Maxim Mai
personal homepage
Without experimentalists, theorists tend to drift, without theorists experimentalists tend to falter.
The overarching focus of my research lies in properties of strongly interacting matter. Specifically, I am interested in properties of excited states of matter, short-lived excitations of hadrons such as protons, pions etc.. My main research goal lies in building a "tridge" (three-sided bridge) between (1) theoretical methods based on symmetries of the strong interaction interaction, (2) phenomenology and application to experimental observations and (3) results of numerical ab-initio calculations of Lattice QCD.
If you want to know more see the sources below. They are ordered with respect to the desired level of details:
One of the currently best ways to access QCD at low energies while taking into account its non-perturbative nature is the lattice gauge theory. In the nutshell it is based on the discretization of the 4D-spacetime by an Euclidean 4D discrete lattice in a finite volume. Quarks are allowed to live only on the intersections of the lattice sites while gluons are associated with the links between the intersections. Through a series of well-defined steps (see fig. to the right for an excerpt) physical information can be accessed in a numerical calculation performed in supercomputing facilities. For an introductory lecture on the techniques as well as historical details see, e.g., [LectureNotes].
I am interested in relating the results of lattice QCD to the phenomenological ones based on experimental observations. A central object of study hereby is the so-called quantization condition which relates real energy eigenvalues of a multi-particle system in a finite volume with complex-valued scattering amplitudes. Based on continuum Quantum Field Theory principles we have derived few years ago the Finite-Volume-Unitarity (FVU) approach which extends to up to three interacting particles. See figure to the left and [Review].
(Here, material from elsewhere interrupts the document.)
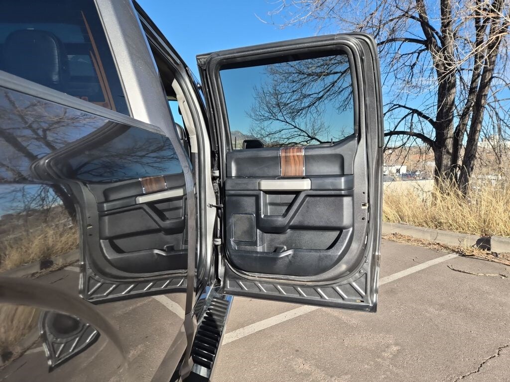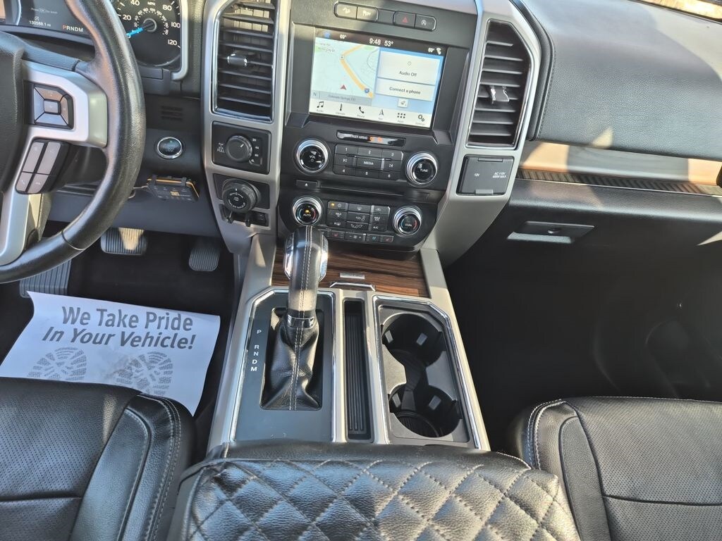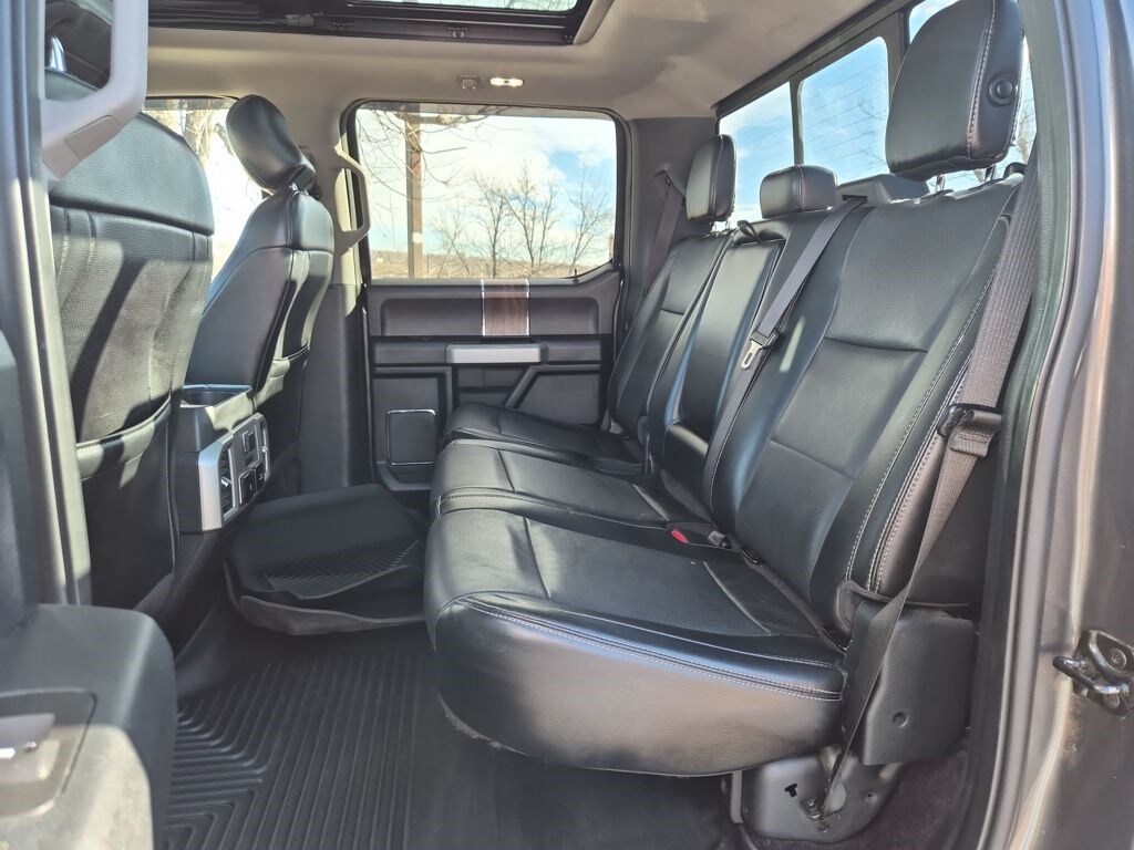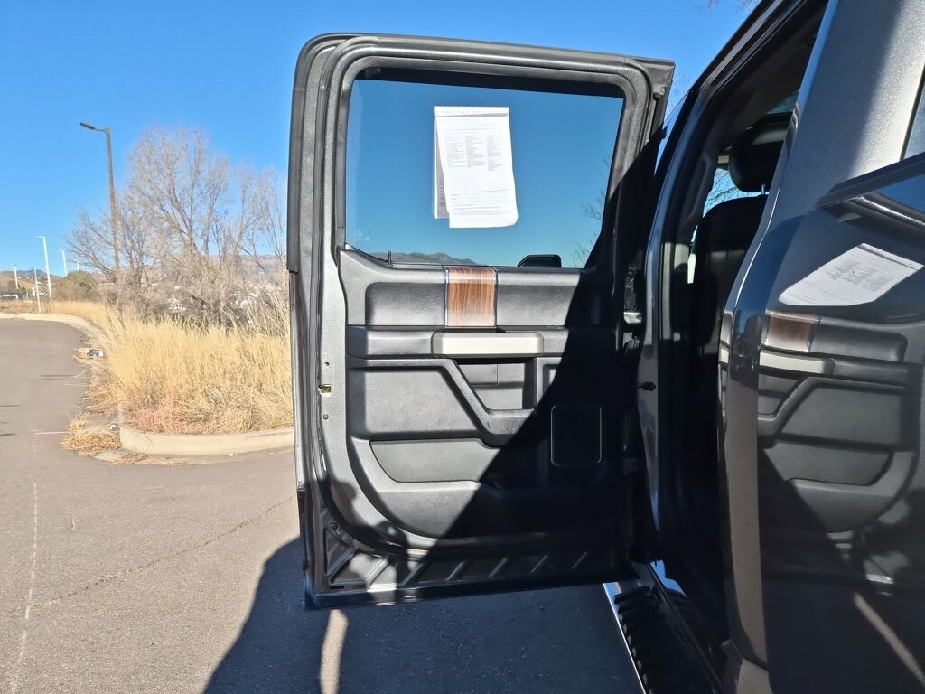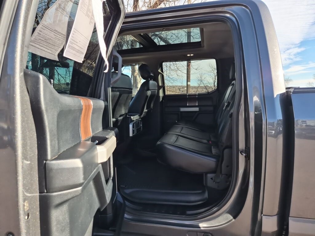 Equipment Group 502A Luxury (110V/400W Outlet, 2nd Row Heated Seats, Auto High Beam w/Rain-Sensing Windshield Wipers, BLIS Blind Spot Information System, Heated Steering Wheel, Leather-Trimmed Bucket Seats, LED Side-Mirror Spotlights, Power Tilt/Telescoping Steering Column w/Memory, Quad Beam LED Headlamps & Taillamps, Radio: Sony Single CD w/HD & SiriusXM Satellite, Remote Start System w/Remote Tailgate Release, Reverse Sensing System, SYNC Connect, Universal Garage Door Opener, and Voice-Activated Navigation), FX4 Off-Road Package (4x4 FX4 Off-Road Bodyside Decal, Hill Descent Control, and Off-Road Tuned Front Shock Absorbers), GVWR: 6,500 lbs Payload Package, Lariat Chrome Appearance Package (Chrome 3-Bar Style Grille w/Chrome Surround, Chrome Angular Step Bars, Chrome Door & Tailgate Handles w/Body-Color Bezel, Chrome Skull Caps on Exterior Mirrors, Single-Tip Chrome Exhaust, and Wheels: 18" Chrome-Like PVD), Trailer Tow Package (Auxiliary Transmission Oil Cooler, Class IV Trailer Hitch Receiver, Engine Oil Cooler, Pro Trailer Backup Assist, and Upgraded Front Stabilizer Bar), 4WD, 18" Machined-Aluminum Wheels, 3.55 Axle Ratio, 4-Wheel Disc Brakes, 7 Speakers, ABS brakes, Adaptive Cruise Control & Collision Warning, Adjustable pedals, Air Conditioning, Alloy wheels, AM/FM radio: SiriusXM, Auto-dimming door mirrors, Auto-dimming Rear-View mirror, Automatic temperature control, Brake assist, Bumpers: chrome, CD player, Compass, Delay-off headlights, Driver door bin, Driver vanity mirror, Dual front impact airbags, Dual front side impact airbags, Electronic Stability Control, Exterior Parking Camera Rear, Front anti-roll bar, Front Center Armrest w/Storage, Front dual zone A/C, Front fog lights, Front reading lights, Front wheel independent suspension, Fully automatic headlights, Heated door mirrors, Heated front seats, Illuminated entry, Integrated Trailer Brake Controller, Leather-Trimmed 40/20/40 Front Seat, Low tire pressure warning, Memory seat, Occupant sensing airbag, Outside temperature display, Overhead airbag, Overhead console, Panic alarm, Passenger door bin, Passenger vanity mirror, Pedal memory, Power door mirrors, Power driver seat, Power Glass Sideview Mirr w/Body-Color Skull Caps, Power passenger seat, Power steering, Power windows, Radio data system, Radio: Single-CD w/SiriusXM Satellite, Rear reading lights, Rear seat center armrest, Rear step bumper, Rear window defroster, Remote keyless entry, Security system, Speed control, Speed-sensing steering, Split folding rear seat, Steering wheel mounted audio controls, SYNC 3, Tachometer, Tailgate Step w/Tailgate Lift Assist, Telescoping steering wheel, Tilt steering wheel, Traction control, Trip computer, Turn signal indicator mirrors, Twin Panel Moonroof, Variably intermittent wipers, Ventilated front seats, Voltmeter, and Wheels: 20" Chrome-Like PVD.

Data driven approaches run a danger of over-fitting or under-fitting the provided data. Another issue is the treatment of outliers and model misspecifications or other biases. Such problems are well known beyond physics and plenty of modern statistical or machine learning tools exists to mitigate them. One example of Neural Network based approach is shown in the right figure from a recent talk: "Denoising and sharpening the hadron spectrum through machine learning" at the recent dedicated workshop[link] in Thessaloniki.